*DIRECTIONS*:
Give back only the lines in the records below from the one with "Im Kontextmenü von" to the one with "Το φέρετρο του", both inclusive, word for word.

*EXERCISE MATERIALS*:
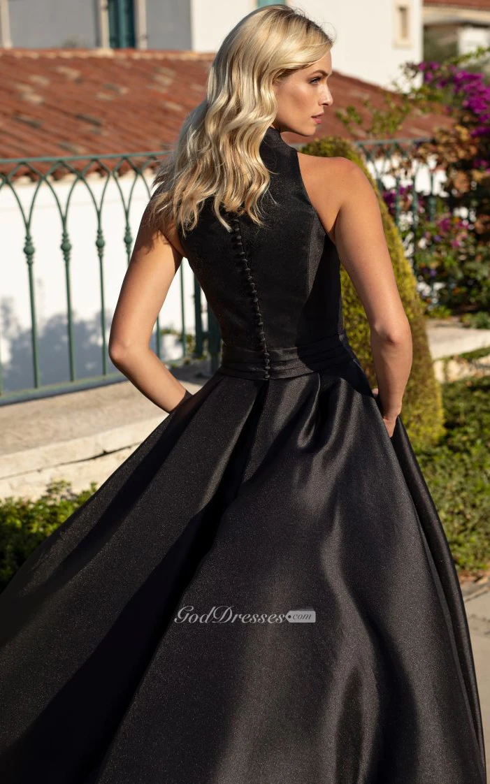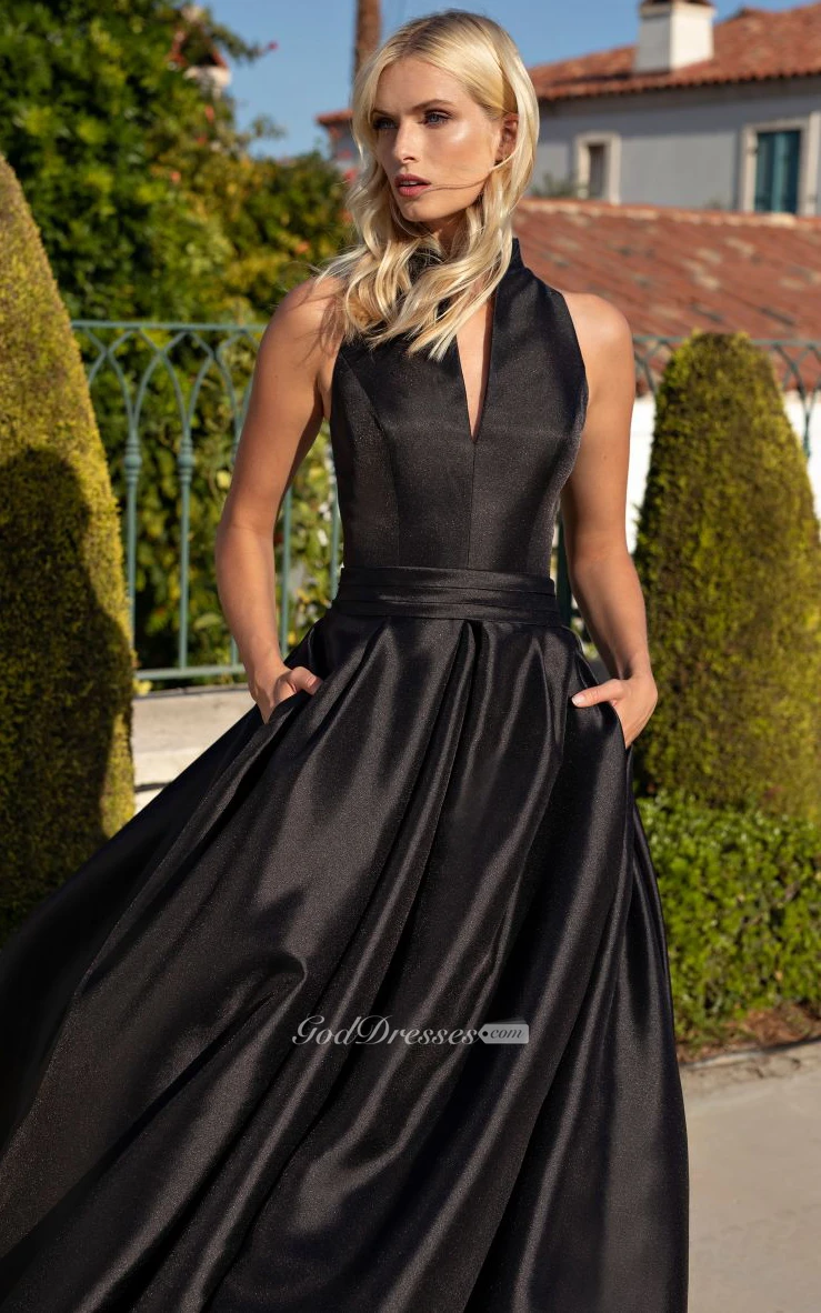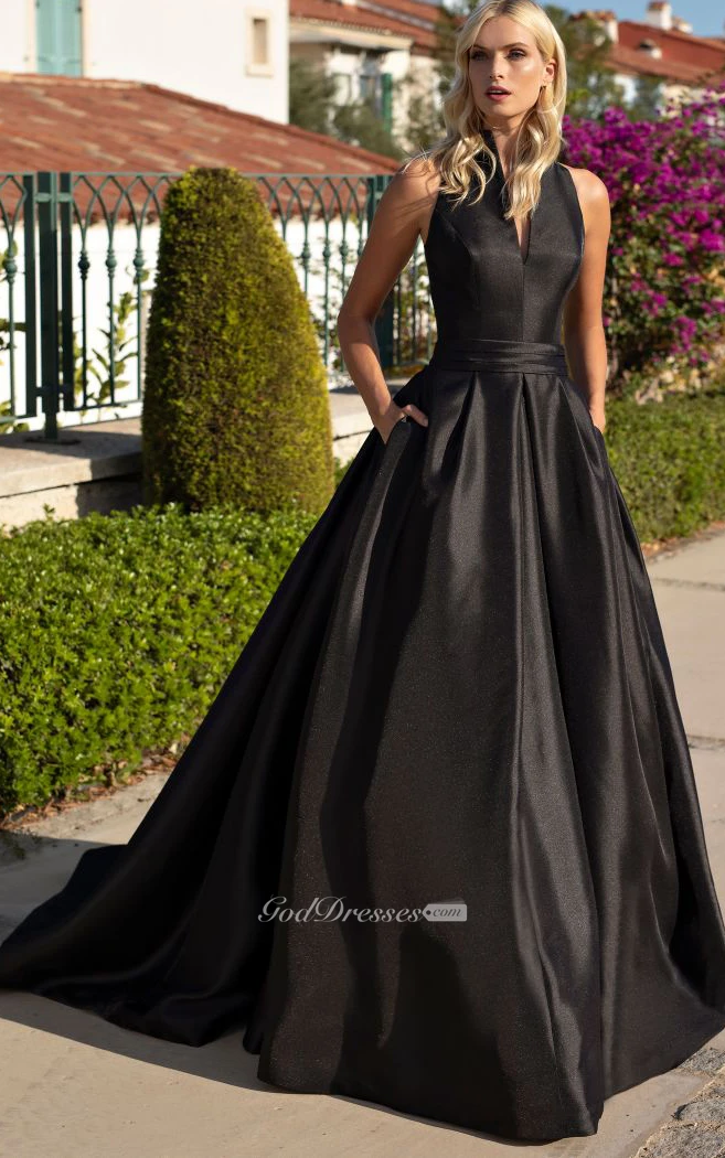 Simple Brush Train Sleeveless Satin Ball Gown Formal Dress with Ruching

* * *

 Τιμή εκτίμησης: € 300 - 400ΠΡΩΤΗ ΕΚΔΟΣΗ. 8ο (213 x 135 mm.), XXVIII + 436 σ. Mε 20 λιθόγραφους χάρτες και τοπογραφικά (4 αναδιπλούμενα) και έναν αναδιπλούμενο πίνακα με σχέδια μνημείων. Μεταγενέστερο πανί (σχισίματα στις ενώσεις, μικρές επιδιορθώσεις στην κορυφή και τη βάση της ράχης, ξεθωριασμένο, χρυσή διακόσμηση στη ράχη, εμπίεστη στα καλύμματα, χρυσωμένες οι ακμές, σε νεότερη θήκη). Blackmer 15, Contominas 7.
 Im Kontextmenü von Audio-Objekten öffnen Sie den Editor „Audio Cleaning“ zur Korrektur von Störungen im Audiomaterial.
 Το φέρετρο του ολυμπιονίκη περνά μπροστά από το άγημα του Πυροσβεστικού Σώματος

*ANSWER BELOW*:
 Im Kontextmenü von Audio-Objekten öffnen Sie den Editor „Audio Cleaning“ zur Korrektur von Störungen im Audiomaterial.
 Το φέρετρο του ολυμπιονίκη περνά μπροστά από το άγημα του Πυροσβεστικού Σώματος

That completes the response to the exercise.